═════ Entries provided

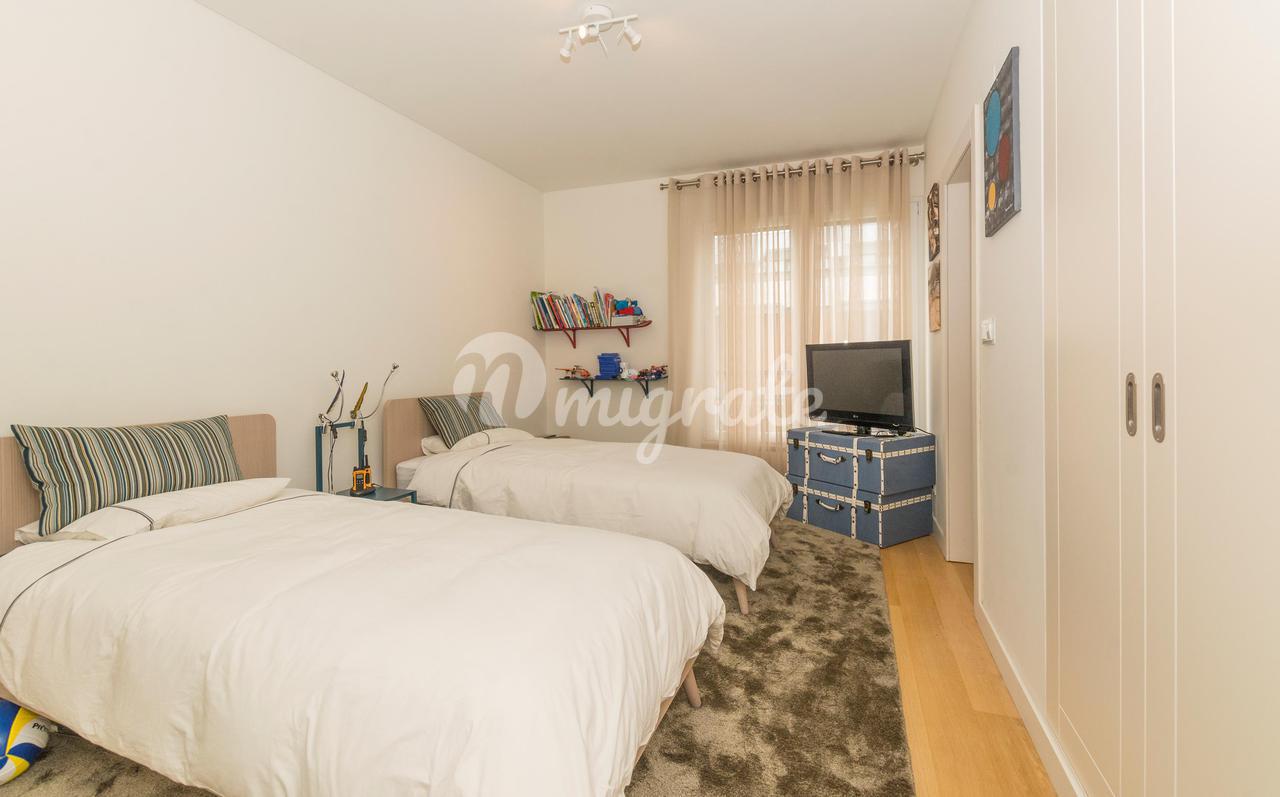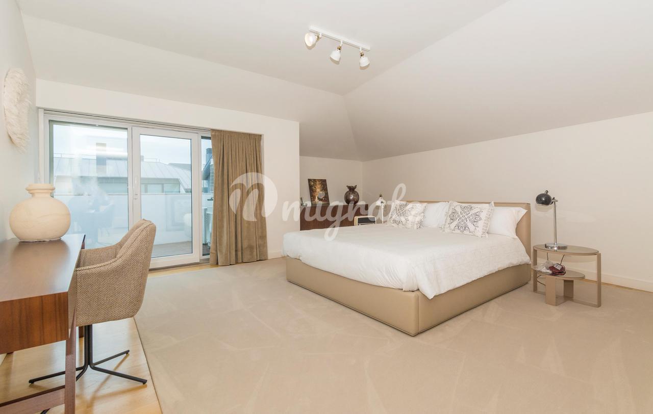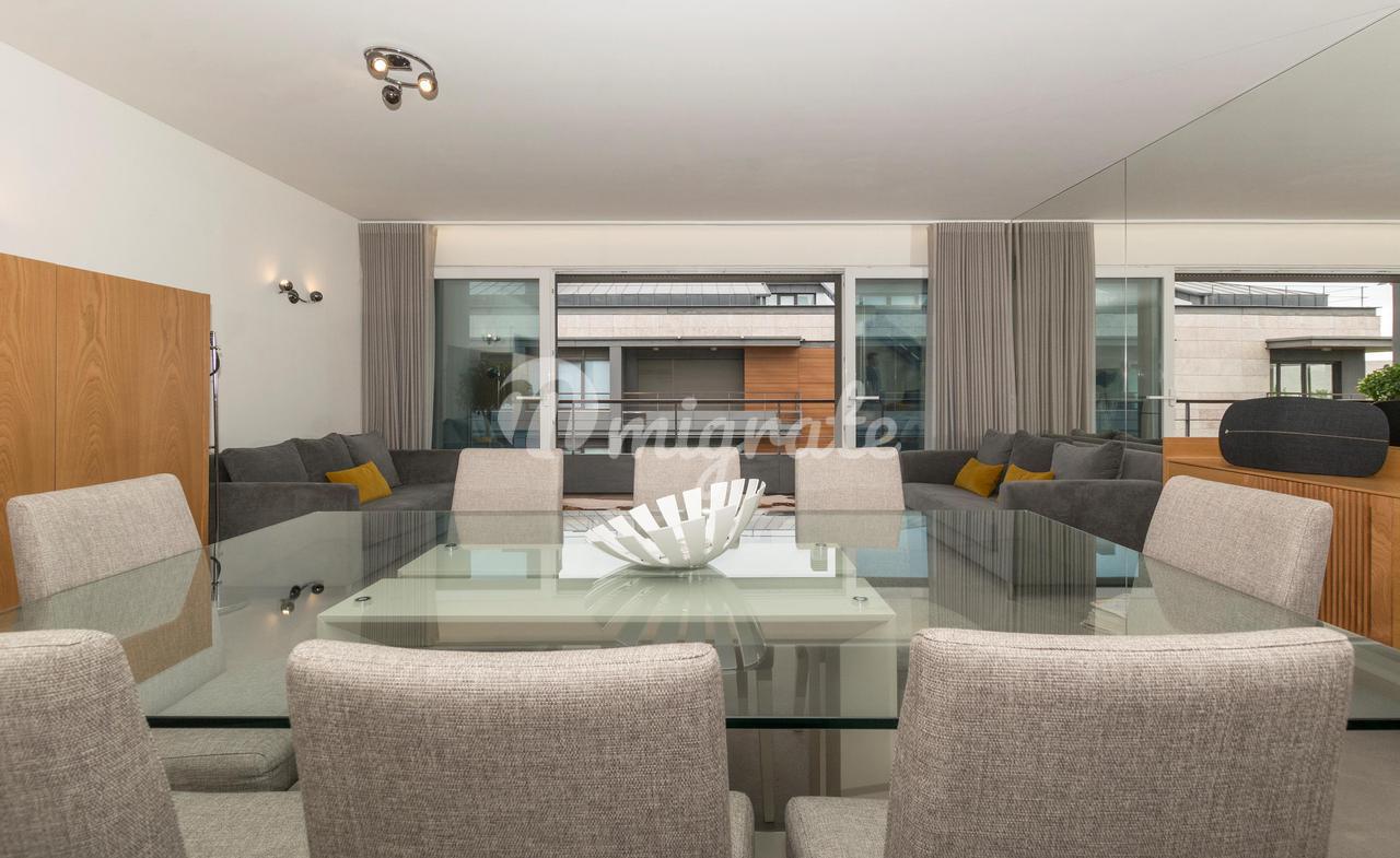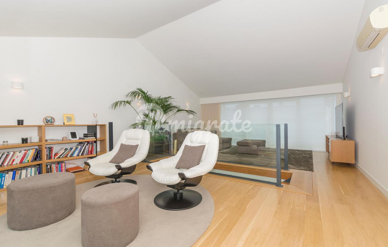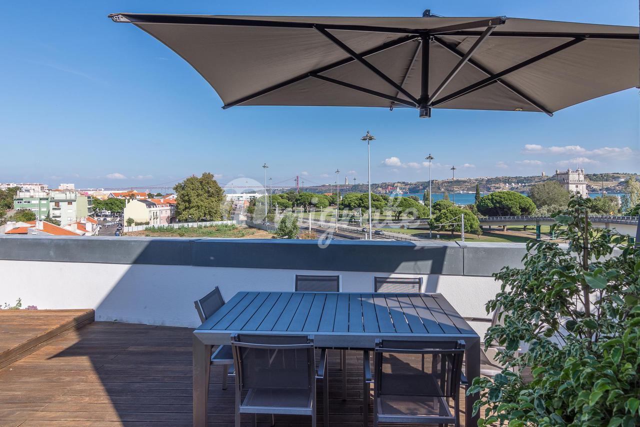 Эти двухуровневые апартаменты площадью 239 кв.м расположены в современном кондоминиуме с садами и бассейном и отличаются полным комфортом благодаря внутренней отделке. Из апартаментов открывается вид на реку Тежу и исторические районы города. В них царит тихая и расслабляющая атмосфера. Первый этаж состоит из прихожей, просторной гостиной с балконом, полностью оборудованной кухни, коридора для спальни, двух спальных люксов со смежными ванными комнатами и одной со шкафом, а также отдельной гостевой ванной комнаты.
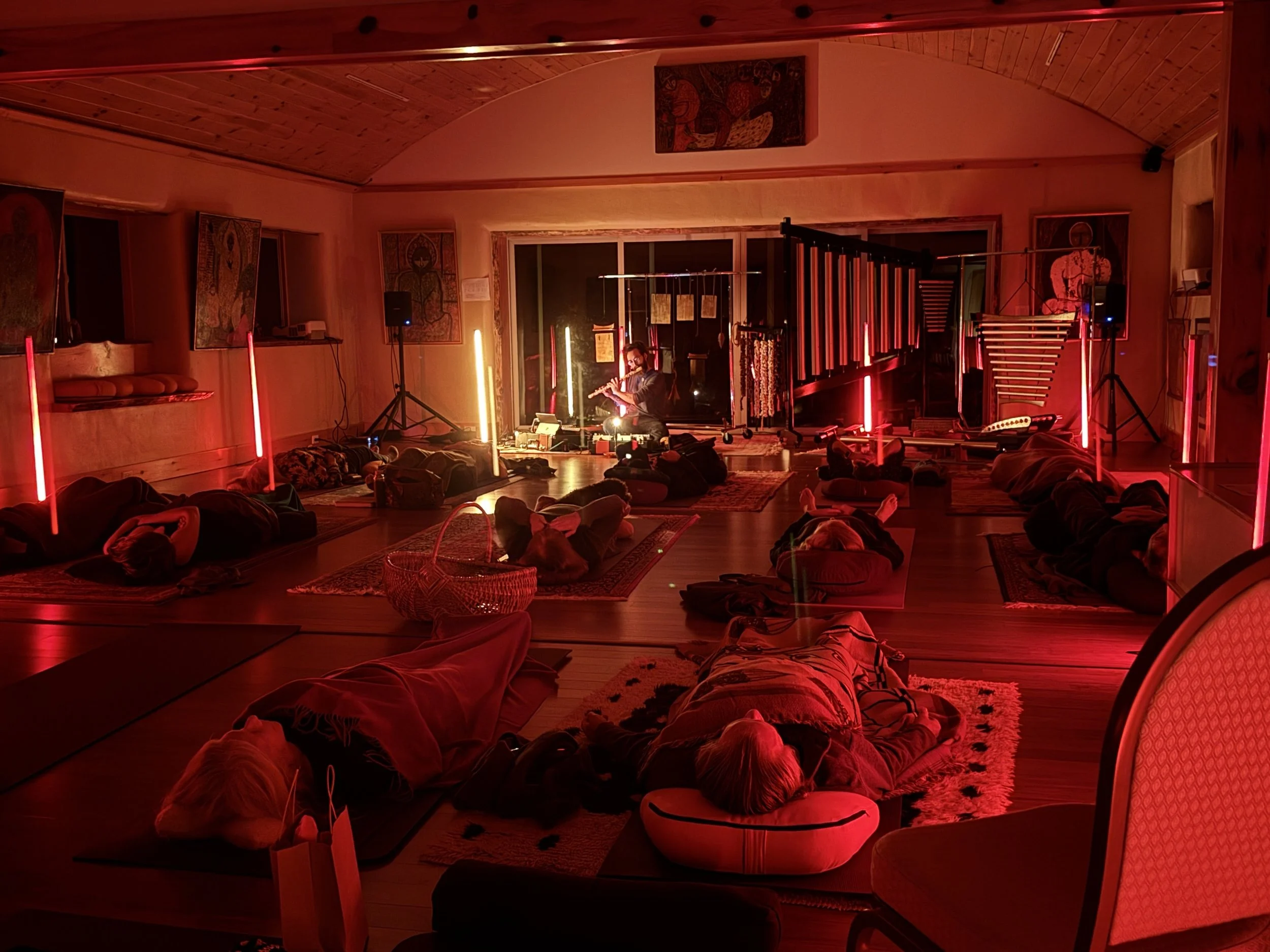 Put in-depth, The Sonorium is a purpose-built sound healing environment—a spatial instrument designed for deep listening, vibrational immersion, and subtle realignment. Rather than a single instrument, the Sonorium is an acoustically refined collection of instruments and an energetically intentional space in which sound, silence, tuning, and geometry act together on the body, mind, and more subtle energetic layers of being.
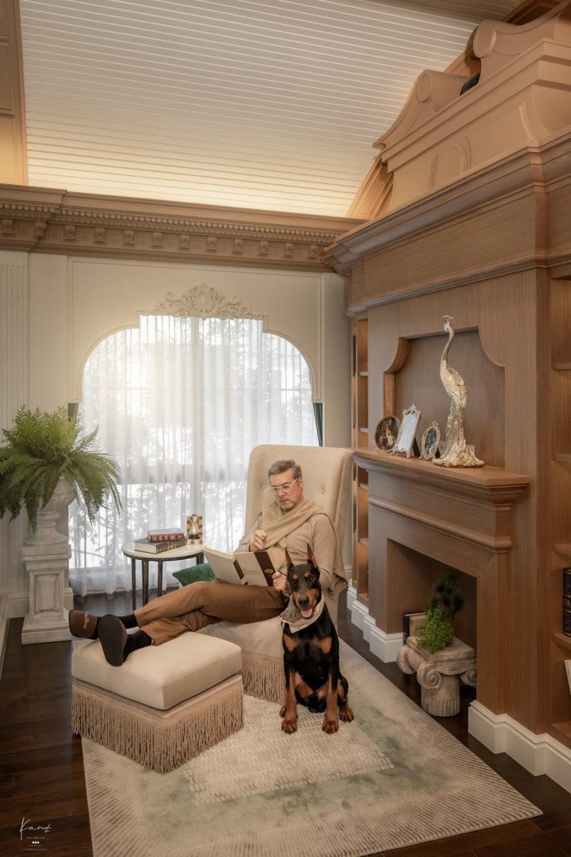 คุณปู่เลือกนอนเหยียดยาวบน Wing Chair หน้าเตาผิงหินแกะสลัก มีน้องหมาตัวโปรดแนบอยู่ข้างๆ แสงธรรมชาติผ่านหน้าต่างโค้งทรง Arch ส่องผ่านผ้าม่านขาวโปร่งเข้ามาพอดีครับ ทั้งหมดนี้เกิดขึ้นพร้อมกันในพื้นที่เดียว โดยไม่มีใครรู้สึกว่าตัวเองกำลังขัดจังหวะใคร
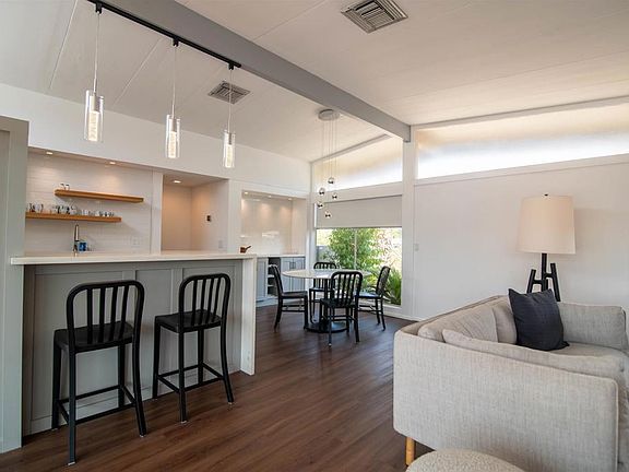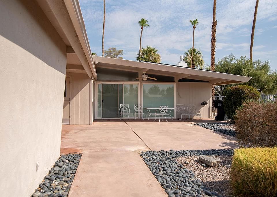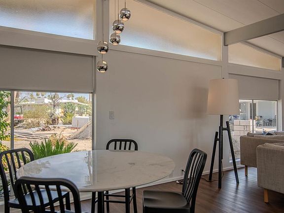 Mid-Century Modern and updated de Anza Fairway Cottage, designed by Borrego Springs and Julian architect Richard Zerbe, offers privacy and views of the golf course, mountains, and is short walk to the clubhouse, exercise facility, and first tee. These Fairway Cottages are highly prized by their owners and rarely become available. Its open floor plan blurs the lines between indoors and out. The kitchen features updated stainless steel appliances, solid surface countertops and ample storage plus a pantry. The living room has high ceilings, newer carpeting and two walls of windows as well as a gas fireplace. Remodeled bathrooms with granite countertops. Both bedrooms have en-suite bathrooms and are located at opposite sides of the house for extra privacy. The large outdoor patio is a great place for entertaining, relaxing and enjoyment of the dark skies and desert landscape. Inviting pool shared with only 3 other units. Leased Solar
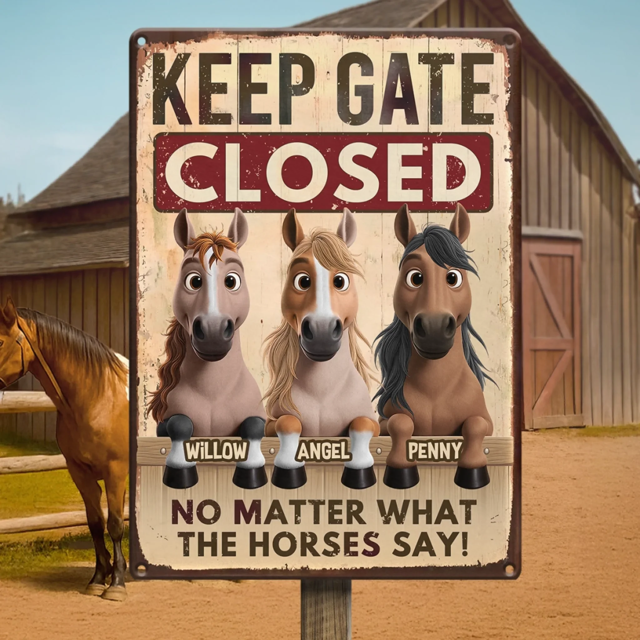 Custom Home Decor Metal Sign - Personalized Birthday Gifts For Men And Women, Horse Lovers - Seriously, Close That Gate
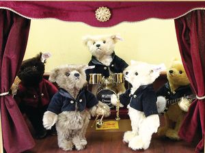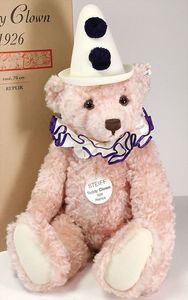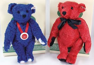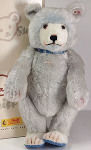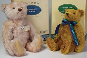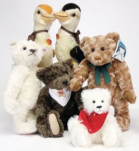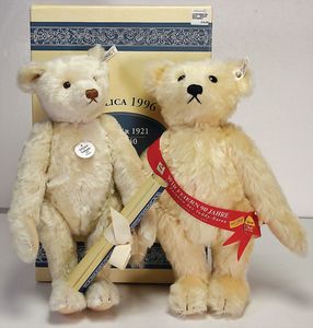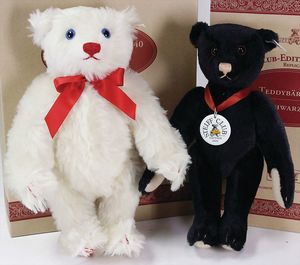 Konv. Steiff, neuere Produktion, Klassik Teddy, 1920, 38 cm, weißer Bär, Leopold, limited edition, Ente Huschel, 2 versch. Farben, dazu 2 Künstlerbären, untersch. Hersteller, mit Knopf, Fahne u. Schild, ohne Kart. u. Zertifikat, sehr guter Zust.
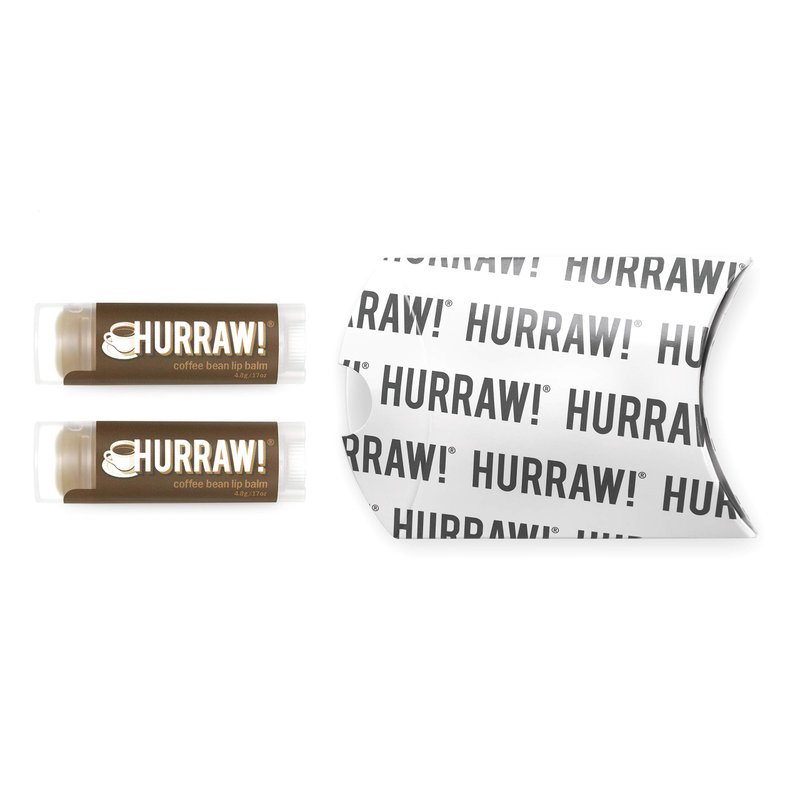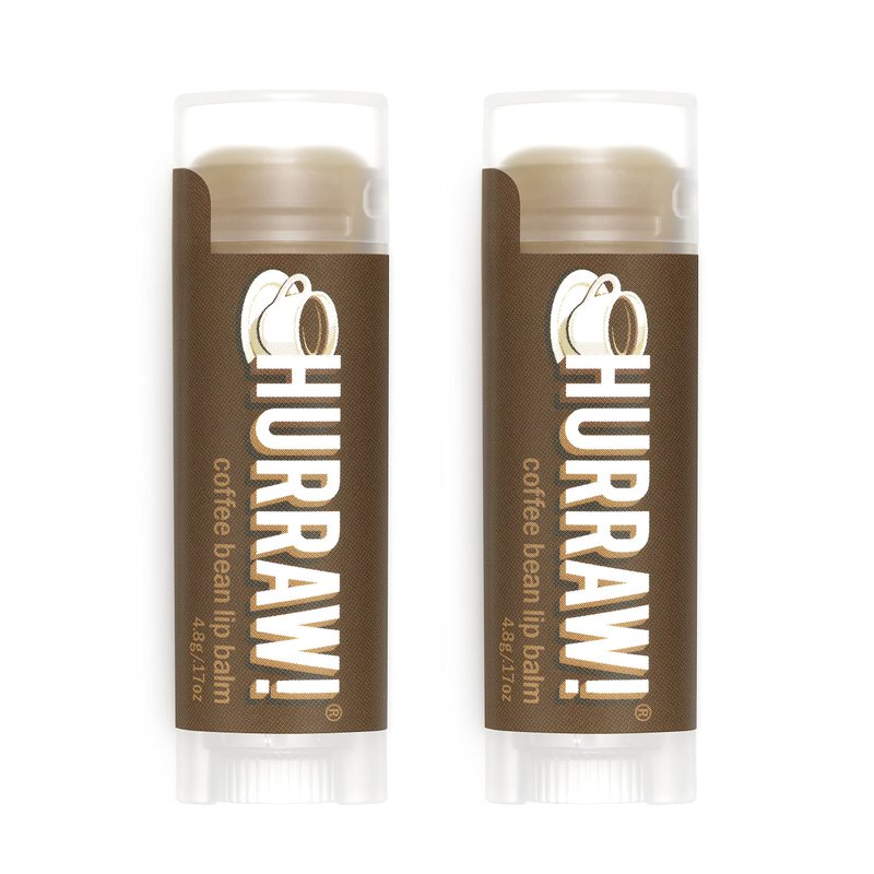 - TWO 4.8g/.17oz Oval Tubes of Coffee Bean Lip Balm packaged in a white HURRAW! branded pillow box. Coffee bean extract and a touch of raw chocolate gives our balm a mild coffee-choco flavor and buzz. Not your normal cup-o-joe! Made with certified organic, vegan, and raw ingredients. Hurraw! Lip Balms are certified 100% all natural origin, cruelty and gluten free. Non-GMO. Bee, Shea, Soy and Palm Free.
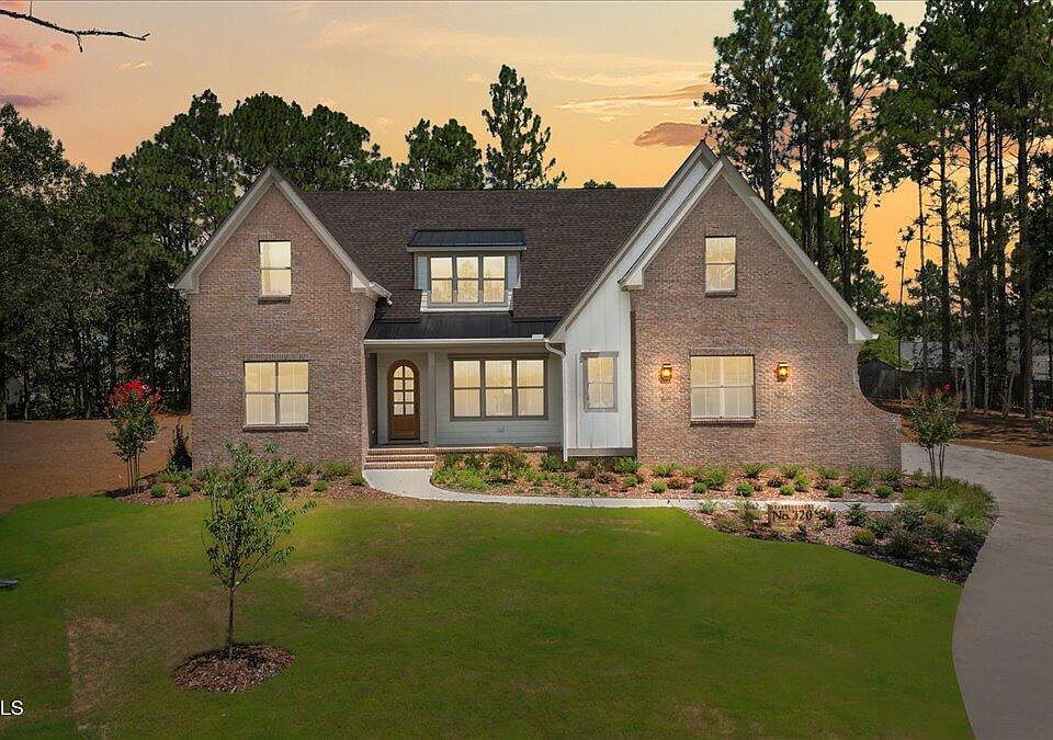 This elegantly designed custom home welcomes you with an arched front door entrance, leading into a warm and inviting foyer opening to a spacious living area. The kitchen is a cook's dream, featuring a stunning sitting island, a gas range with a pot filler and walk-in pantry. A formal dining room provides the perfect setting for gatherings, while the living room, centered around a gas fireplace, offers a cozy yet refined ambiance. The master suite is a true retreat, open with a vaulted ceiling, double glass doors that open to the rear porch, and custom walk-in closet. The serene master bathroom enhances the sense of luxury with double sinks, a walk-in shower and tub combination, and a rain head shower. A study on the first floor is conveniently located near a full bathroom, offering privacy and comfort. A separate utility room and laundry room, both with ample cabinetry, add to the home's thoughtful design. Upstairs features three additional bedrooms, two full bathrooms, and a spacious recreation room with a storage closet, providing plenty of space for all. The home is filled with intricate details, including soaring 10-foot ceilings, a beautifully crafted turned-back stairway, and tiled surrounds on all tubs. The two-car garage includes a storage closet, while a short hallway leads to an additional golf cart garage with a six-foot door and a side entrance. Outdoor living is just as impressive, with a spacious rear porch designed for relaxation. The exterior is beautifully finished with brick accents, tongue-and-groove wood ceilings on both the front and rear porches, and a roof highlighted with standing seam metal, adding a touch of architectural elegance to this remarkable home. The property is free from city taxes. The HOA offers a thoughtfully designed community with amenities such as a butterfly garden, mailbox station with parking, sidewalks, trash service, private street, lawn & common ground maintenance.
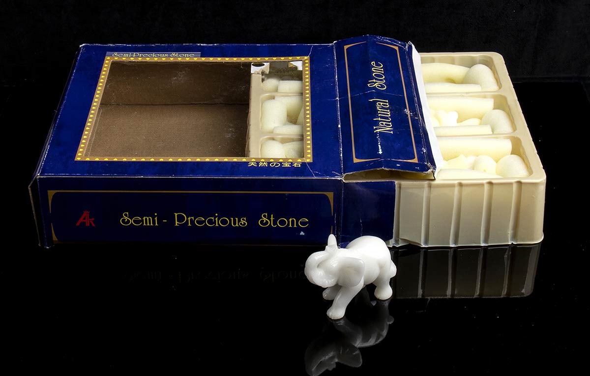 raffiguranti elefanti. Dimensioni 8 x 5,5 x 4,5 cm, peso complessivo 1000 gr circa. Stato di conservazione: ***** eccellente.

══════════

- **What is required**
The copy should hold exactly the lines above from the one with "Custom Home Decor" through the one with "- TWO 4.8g/.17oz", both ends counted, and no pictures at all.

- **Exercise response**
 Custom Home Decor Metal Sign - Personalized Birthday Gifts For Men And Women, Horse Lovers - Seriously, Close That Gate
 Konv. Steiff, neuere Produktion, Klassik Teddy, 1920, 38 cm, weißer Bär, Leopold, limited edition, Ente Huschel, 2 versch. Farben, dazu 2 Künstlerbären, untersch. Hersteller, mit Knopf, Fahne u. Schild, ohne Kart. u. Zertifikat, sehr guter Zust.
 - TWO 4.8g/.17oz Oval Tubes of Coffee Bean Lip Balm packaged in a white HURRAW! branded pillow box. Coffee bean extract and a touch of raw chocolate gives our balm a mild coffee-choco flavor and buzz. Not your normal cup-o-joe! Made with certified organic, vegan, and raw ingredients. Hurraw! Lip Balms are certified 100% all natural origin, cruelty and gluten free. Non-GMO. Bee, Shea, Soy and Palm Free.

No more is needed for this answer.